Early in my career, I experienced the friction that can come from leading these discussions and acknowledge that at times it comes with personal costs. In the past, I felt isolated when colleagues tried to discourage me from having discussions at our program about racism and felt misunderstood when sharing my personal experiences with racism. I even felt overlooked when leadership opportunities became available and wondered if that had to do with my race. I started thinking, “Why do I always have to be the one initiating conversations about racism and biases?” until I shifted my focus to what was most important for our patients. Our patients need providers who understand the racial factors affecting their health and who can address them in an equitable way, limiting bias. As program director, I’ve found ways to teach our physician team that learning about the impact of racism is imperative to addressing the health disparities that our patients face. I teach that these disparities can be addressed through individual patient encounters, mentoring underrepresented minority residents, implementing curricular changes in our community medicine education, enhancing community engagement activities, and leading related resident didactics and faculty development sessions.

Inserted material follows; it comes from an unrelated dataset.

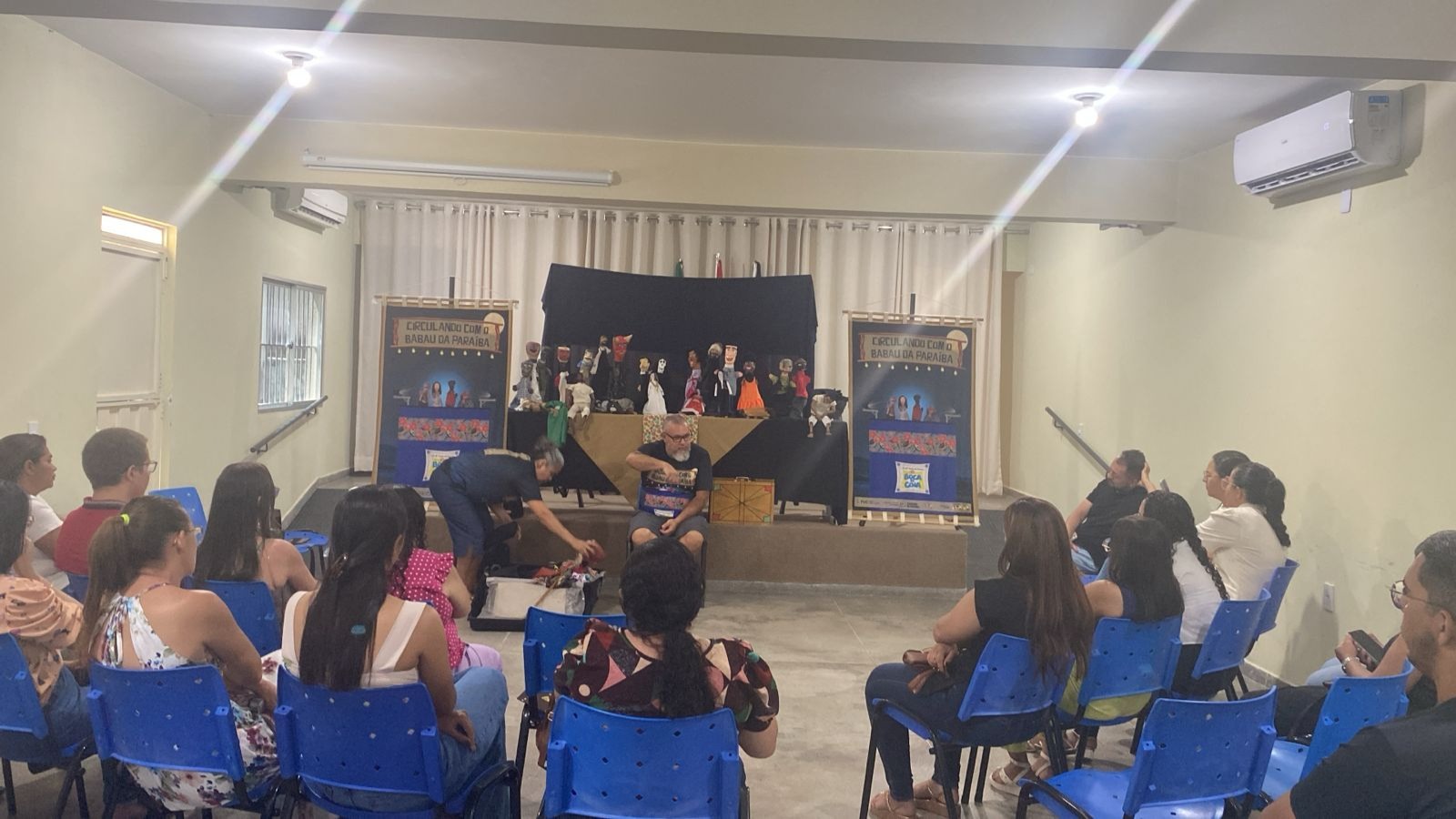 O final de semana foi de muita Cultura na cidade de Mãe d’Água, a partir da apresentação da Companhia de Teatro de Bonecos Boca de Cena, em praça pública, no projeto “Circulando com o Babau da Paraíba”, uma realização com recursos da Política Nacional Aldir Blanc, operacionalização da Secretaria de Estado da Cultura, com o apoio cultural da Prefeitura local. A programação, gratuita e aberta ao público, com ações de acessibilidade em libras, audiodescrição e lugares demarcados para receber pessoas com deficiência, teve lugar em frente ao Mercado Municipal, na Rua Luiz Furtado de Figueiredo, no sábado, 18/10/2015, com início às 19h.

It took some time before any formal teaching occurred in my program after my implicit bias incident. I was a more junior faculty member when the event took place. However, 1 year later, I became the program director and started making small changes within our program, teaching more on our underserved patient population and health disparities. I later hosted discussions regarding the physician role and the Black Lives Matter movement, facilitated a clinic-wide viewing of the Milwaukee 53206 documentary (set in my childhood neighborhood) highlighting inequities in incarceration rates and poverty and allowed for a new resident-led social justice group. In 2017, I partnered with another physician working in a similar residency program setting (who is also an underrepresented minority) and we developed a workshop on racism that we facilitated at both of our programs this past year.
It has been heartening to see the influence of efforts in these areas, as our residents and faculty have taken steps to learn, discuss, teach, and practice medicine with better understanding of racism and bias. In some ways, I have come to accept being the Lonely Only, now willing to share my experiences as an African-American physician, because for our program, racism has become a topic that is open for discussion and intervention. I have learned how to navigate being a Lonely Only through seeking opportunities to build skills to recognize unresolved emotions and by using coaching, mentoring, and other resources when confronting racism, both indirectly and directly. I have chosen to fully embrace the responsibilities of being the Lonely Only, as the downstream impacts of my efforts can have enormous implications for the care of my patients and the health of my clinic community.